Shaun Dillon (born 24 August 1984 in Greenock) is a Scottish football coach and former player, who played as a defender. He is currently co-manager of West of Scotland Football League club Kilbirnie Ladeside. He began his career with Kilmarnock in the Scottish Premier League and also played in the Scottish Football League for Greenock Morton, Queen of the South, Stenhousemuir. Stranraer and Stirling Albion.

Playing career
Dillon began his career with Kilmarnock in the Scottish Premier League (SPL). He made an early impact, winning the SPL Young Player of the Month award for December 2002, but disciplinary and weight issues led to him losing his first team place. He stayed with Kilmarnock until 2006, but made only 24 league appearances for the club.

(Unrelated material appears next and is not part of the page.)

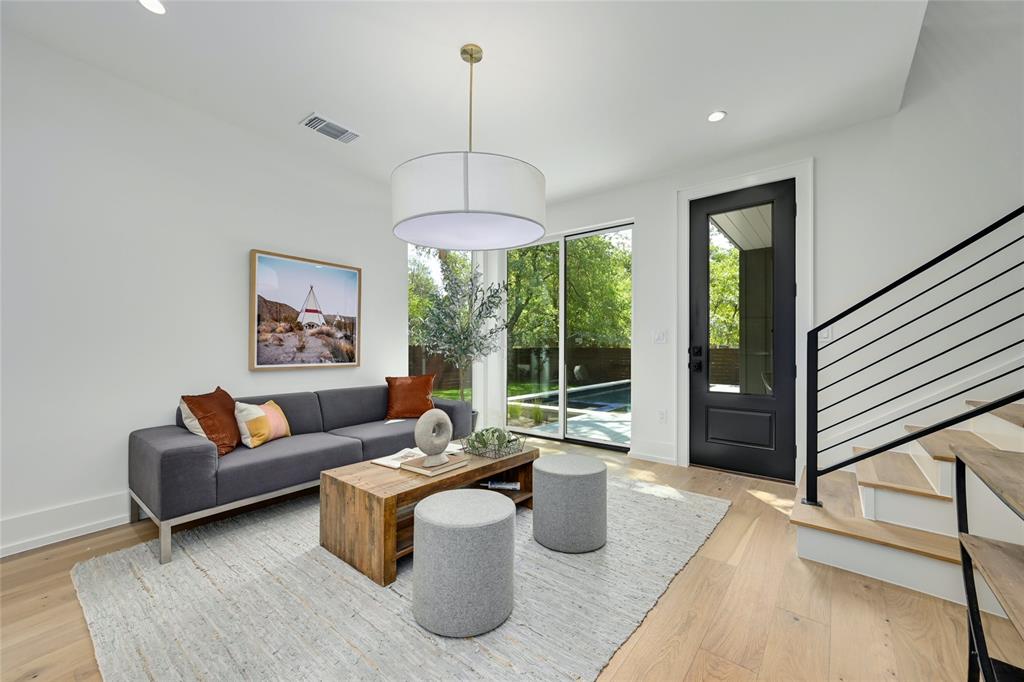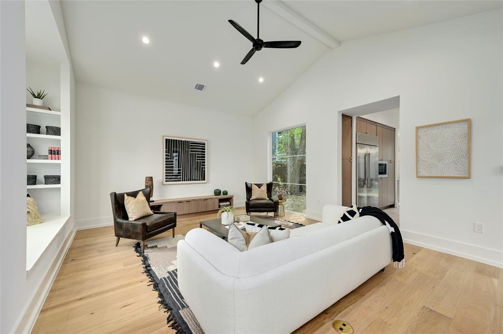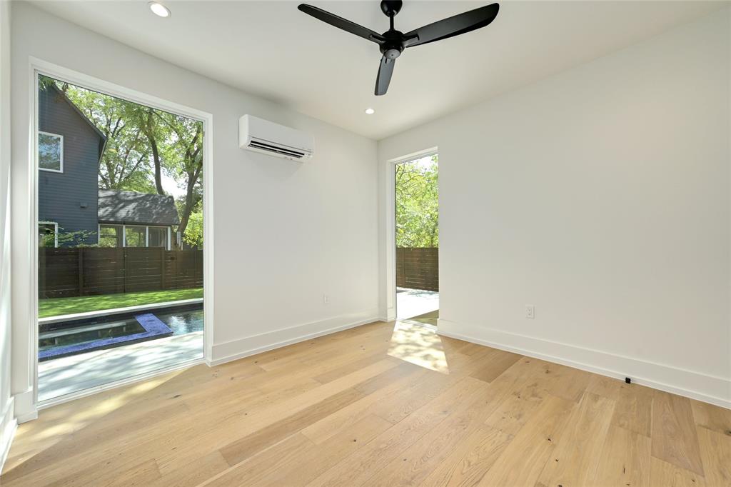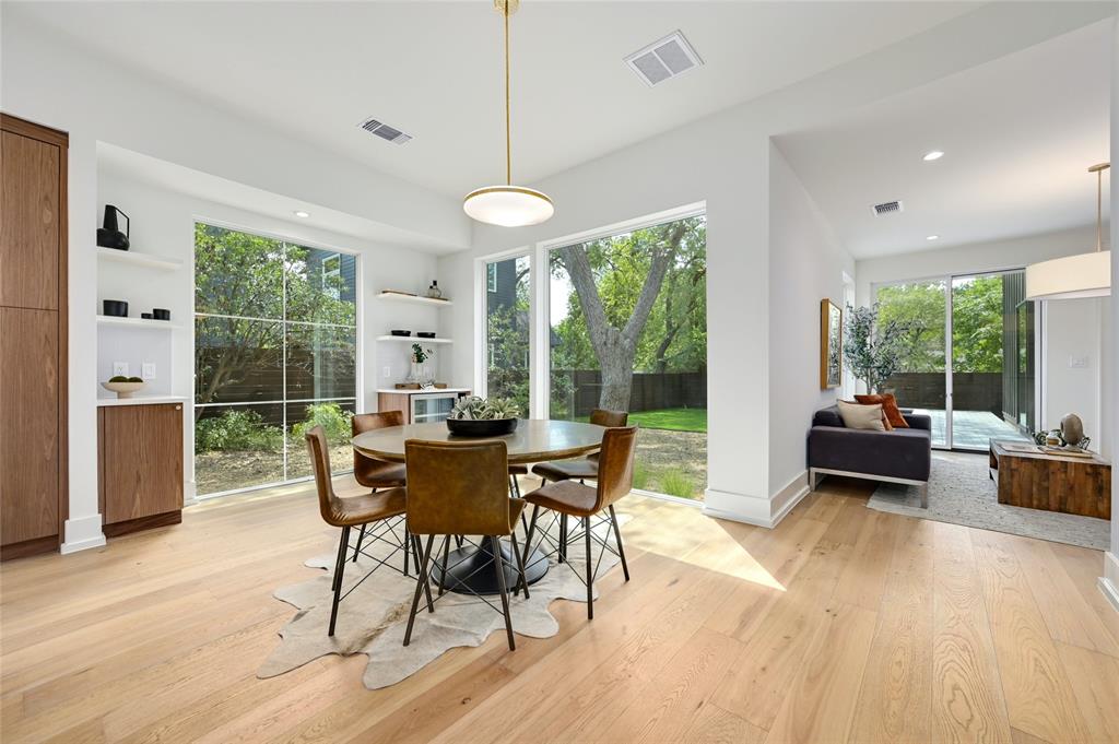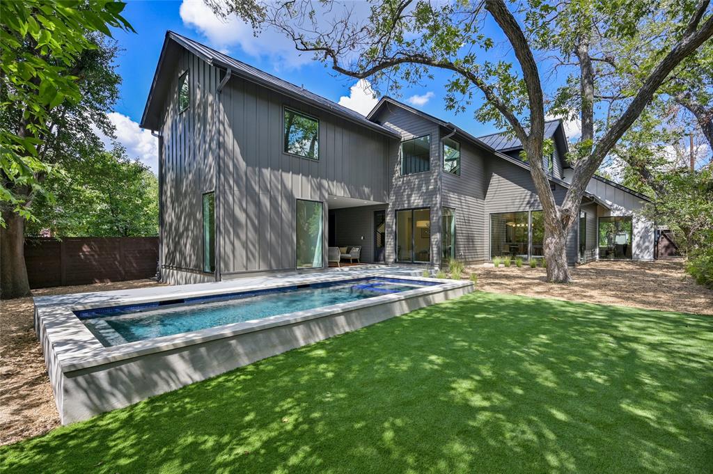 Discover a harmonious blend of modern sophistication and natural allure in this meticulously crafted home nestled within Austin's sought-after Brentwood neighborhood. Designed for both style and comfort, the residence welcomes an abundance of natural light, highlighting the open floorplan and providing picturesque views of the verdant backyard sanctuary through expansive windows. The gourmet kitchen is a culinary haven, featuring sleek quartz countertops, bespoke walnut cabinetry, and top-of-the-line Monogram appliances. The rich hardwood floors seamlessly guide you through two levels, leading to three spacious living areas or the indulgent master suite with a spa-like walk-in shower and closet. Step outside to the captivating pool and spa area, enhanced by custom timbertech decking and a generous outdoor kitchen boasting a 36" gas grill. Additionally, a separate casita at the rear of the property offers versatility as an extra bedroom suite or private office space. This exceptional home is further complemented by a custom Elfa closet and storage systems, a two-car garage, and professionally landscaped grounds with a sprinkler system. Just steps away from local favorites such as Little Deli and Brentwood Park, it affords convenient access to Brentwood Social House, Violet Crown, Stiles Switch BBQ, and other premier Austin destinations. A rare gem, this residence effortlessly combines contemporary luxuries with the inviting warmth of nature in one of the city's most desirable neighborhoods.

After a loan spell with Greenock Morton, Dillon left Kilmarnock in January 2006 to join Queen of the South. He then played for Stenhousemuir and Stranraer before dropping into junior football in 2008, with Irvine Meadow and then Pollok.

Dillon returned to senior football when he joined Stirling Albion in June 2011. He left Stirling in the 2012 close season, joining junior club Kilbirnie Ladeside. After being transfer-listed by Kilbirnie in August 2013, Dillon joined Arthurlie later that month.

Coaching career
In June 2017, Dillon joined Greenock Juniors as one of two assistants to newly-appointed manager Thomas Molloy. Dillon and Molloy left Greenock in August 2021 to become co-managers of Kilbirnie Ladeside. He left the club in May 2022.

Personal life
Outside of football, Dillon works as an account manager for Hewlett-Packard.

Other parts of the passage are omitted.